L'essentiel des économies a été obtenu par une
optimisation des programmes SNLE-NG et M 51
, dont les calendriers ont
été aménagés de manière à se
rejoindre en 2008, le 4e SNLE-NG étant directement équipé
du M 51, soit deux ans avant la date prévue.
L'anticipation de la livraison du M 51 doit permettre plusieurs types
d'économies :
- le programme d'adaptation des SNLE-NG au M 51 se limitera à 3
bâtiments et non à 4, puisque le 4e sous-marin recevra directement
le M 51,
- le retrait deux ans avant l'échéance normale des missiles M 45
et de la TN 71 permettra également d'importants gains financiers, par
exemple en évitant le remplacement pour cause de vieillissement des
propulseurs à poudre d'une partie des missiles.

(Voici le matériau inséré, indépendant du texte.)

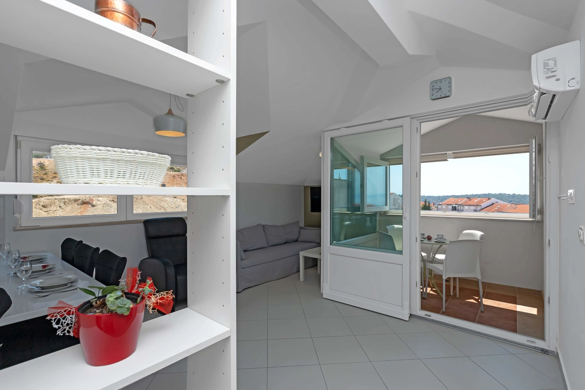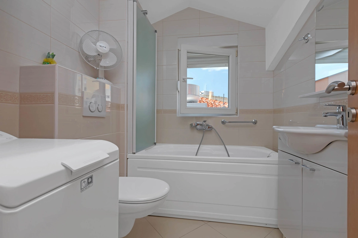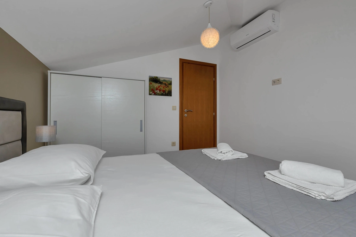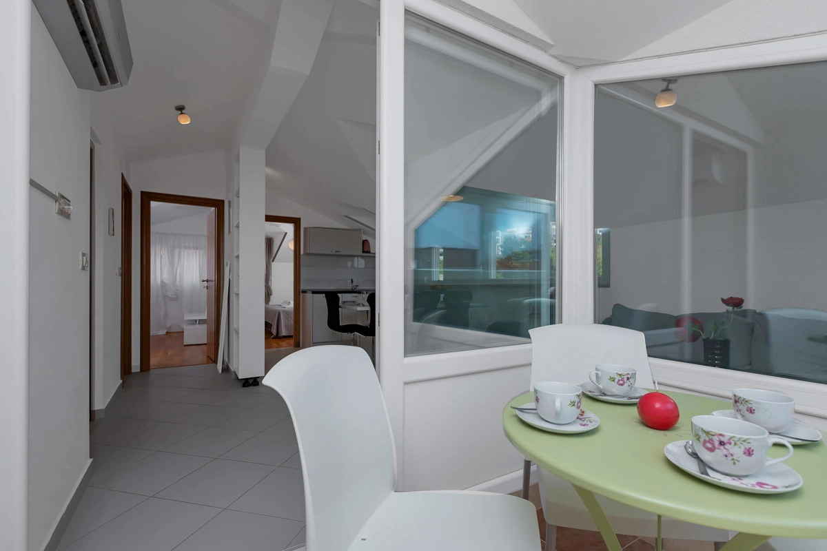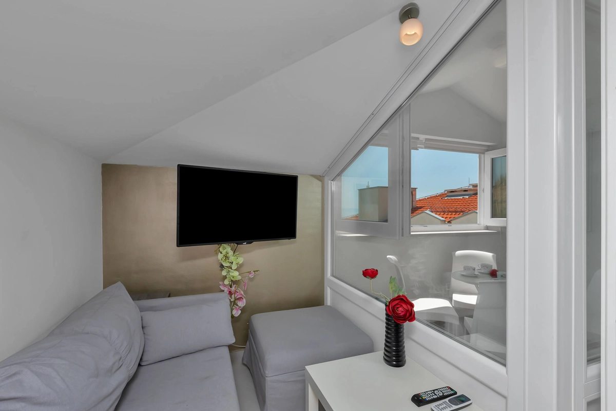 Top View Apartment is located on the 5th floor in a building with an elevator, offering a great view. It can accommodate maximum of 4 persons. It has 2 bedrooms with a queen-sized beds, 1 bathroom, a kitchen, a flat-screen TV, air-conditioning and wi-fi. It also has 1 parking spot next to the building.

L'économie ainsi réalisée sur la composante
océanique de la dissuasion se monterait, d'ici 2015, à 5,5
milliards de francs se décomposant comme suit :
- 2,4 milliards de francs liés à la simplification du
développement et de l'industrialisation du M 51,
- 1,2 milliard de francs sur la construction du 4e SNLE-NG, 1,5 milliards
de francs étant obtenu grâce à l'abandon du programme
d'adaptation au M 51 alors que parallèlement le coût de
construction sera majoré de 300 millions de francs,
- 1,9 milliard de francs obtenu par le retrait anticipé de missiles M 45
et de la TN 71.
La " revue de programmes " s'est également traduite par une
réduction supplémentaire imposée aux crédits de
maintien en condition opérationnelle
et surtout une
diminution de
20 % des crédits d'études amont
consacrées
à la dissuasion.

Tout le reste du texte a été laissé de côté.